Женя выглядел чересчур эстетски, но в каком-то мистическом смысле этого слова. Он оставался самим собой – как всегда пил и как всегда оставался Головиным. Но я узнал, что между ним и Джемалем (а ведь они были друзьями; в 70-е годы я самолично сблизил их) произошёл конфликт, очень эмоциональный и серьёзный. Они разошлись, и только в последние годы это немножко улеглось – они могли хотя бы видеть друг друга.
С Дугиным за это время мы не успели пообщаться, ведь мы даже не были знакомы. Я знал о нём по письму Ларисы Пятницкой и очень многого от него ожидал. Но наше знакомство развернулось впоследствии, постепенно; во всяком случае, для меня было очевидно, что Дугин – серьёзное пополнение Южинского; я понял, что этот человек вошёл в ту ауру, которую продолжали создавать без меня Головин и Джемаль, ставшие его первыми учителями. А другим его «учителем» были «Шатуны». Дугин был тогда совсем молодым человеком, и я был рад, что появилась такая южинско-мамлеевская молодёжь. Южинского, конечно, уже не было; я прошёл мимо того места, где когда-то стоял мой дом. Теперь здесь высилась двенадцатиэтажка, но я разглядел-таки малюсенькое зданьице, оставшееся от южинских времён… Это меня порадовало.
В общем, я чувствовал, что каждый из нас, и я в том числе, прошёл значительный путь и что нам ещё предстоит узнавать друг друга, узнавать то, что выросло в душе и появилось изнутри, из глубин за это время разлуки.

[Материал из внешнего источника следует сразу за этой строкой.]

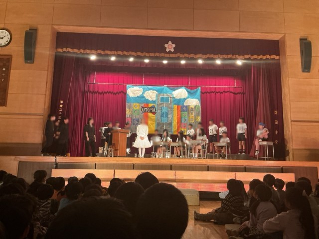 今回僕らが演じた6年生の作品『エルコスの願い』は、夢や希望笑うことさえ忘れてしまった子供たちの所に、ある日1台のロボットエルコスがやって来るお話です。エルコスのおかげで元気を取り戻していく子供たち。しかしただ1人エルコスを信じられない少年ジョンが、エルコスの動源力であるFZIに何か別の物を混ぜてしまい、エルコスは消滅しかけます。しかしエルコスは怒る所か、優しさや人を愛す心を教えて終わりました。ここで1つ思った事は、「本当の優しさって何だろう?」というテーマにちゃんと沿っていたので、そこに感動しました。演じた6年生にインタビューしたところ、「自分が犠牲になってでもジョンの罪を許した事が心に残ったと思いました。」と言ってくれました。最後に6年生の作品らしく、お客さんの心に響く作品でよかったなと思いました!

Кроме того, я узнал, что «Шатуны» в самиздате проделывали свой тяжёлый мистический путь, и люди, которые читали этот роман, не сходили с ума, но выходили на некий уровень, который не был им знаком до чтения этого произведения. Иными словами, я видел, как эта книга меняла сознание людей, делала их другими. Этот феномен всегда сопровождал «Шатунов». Женя Головин прочёл роман, когда я был уже на Западе… Он сказал мне, что плакал, читая эту книгу. Он-то, конечно, принадлежал к тем, для кого эзотеризм не был преградой… Маячили ещё двое его приятелей, которые носили этот самиздатовский роман с собой, и они жаждали меня видеть, им было интересно, что это за человек написал такую книгу. Такая возможность представилась, потому что время посещения Москвы быстро кончилось, и насколько уже было свободно, я понял по тому, насколько свободно был организован вечер прощания со мной. На следующий день я должен был улетать обратно в Париж, и неофициально распространился слух, что, мол, будет встреча с Мамлеевым в такой-то квартире. Никаких препятствий к этому не было, хотя кто-то там дежурил, даже милиция приходила, но всё было вполне лояльно и культурно. Народу собралось очень много. И опять многих поразил мой вид – как они выразились, «западного интеллигента». Чего-чего, а уж такой оценки я не ожидал. Но это, конечно, было внешнее впечатление. Эти люди отдавали себе отчёт, что это было нечто вроде защитного панциря, что ли… Чтобы жить в мире потребления. Так они, наверное, решили. Не знаю, может быть, иначе. Может быть, им казалось, что меня испортил успех, но это было нелепее всего. Я не вдавался в подробности, но даже Лариса Пятницкая сказала, что, видимо, так было необходимо, чтобы у тебя, у Мамлеева, не мамлеевский вид стал.
Помню, один из читателей вскричал: «Неужели этот человек написал «Шатуны»?». Те, кто меня знал, хихикнули. Тем не менее мне было неописуемо интересно на этом вечере. Были старые знакомые, были совершенно новые лица. Они показывали самиздатовское издание «Шатунов», я им показывал «Шатуны», изданные во Франции на русском и на французском… Кое-кто ведь читал по-французски, и интересовались, например, как такое может звучать на французском языке. Но главное было в том, что в этой стихии встречи, чувствовалось, что страна стоит на переломе. Впоследствии мне рассказали, что в какой-то газете, уже в 90-е годы, написали странную фразу, что Советский Союз погубили Солженицын и Мамлеев. Я отнёсся к этому, как к абсурду, потому что никогда не участвовал в политической жизни. Тем более, к СССР я начал испытывать определённые, мягко говоря, симпатии, понимая его роль и роль советской власти в спасении страны во времена Великой Отечественной войны. Ну, и многое другое. Мы уже давно переросли односторонность подхода, потому что одно дело – коммунистическая система, другое – Советский Союз как государство, третье – народ, четвёртое – интеллигенция, пятое – будущее. А будущее принадлежит не Советскому Союзу, а России. Но Советский Союз сохранил Россию, несмотря ни на что. В общем, была целая панорама эмоций.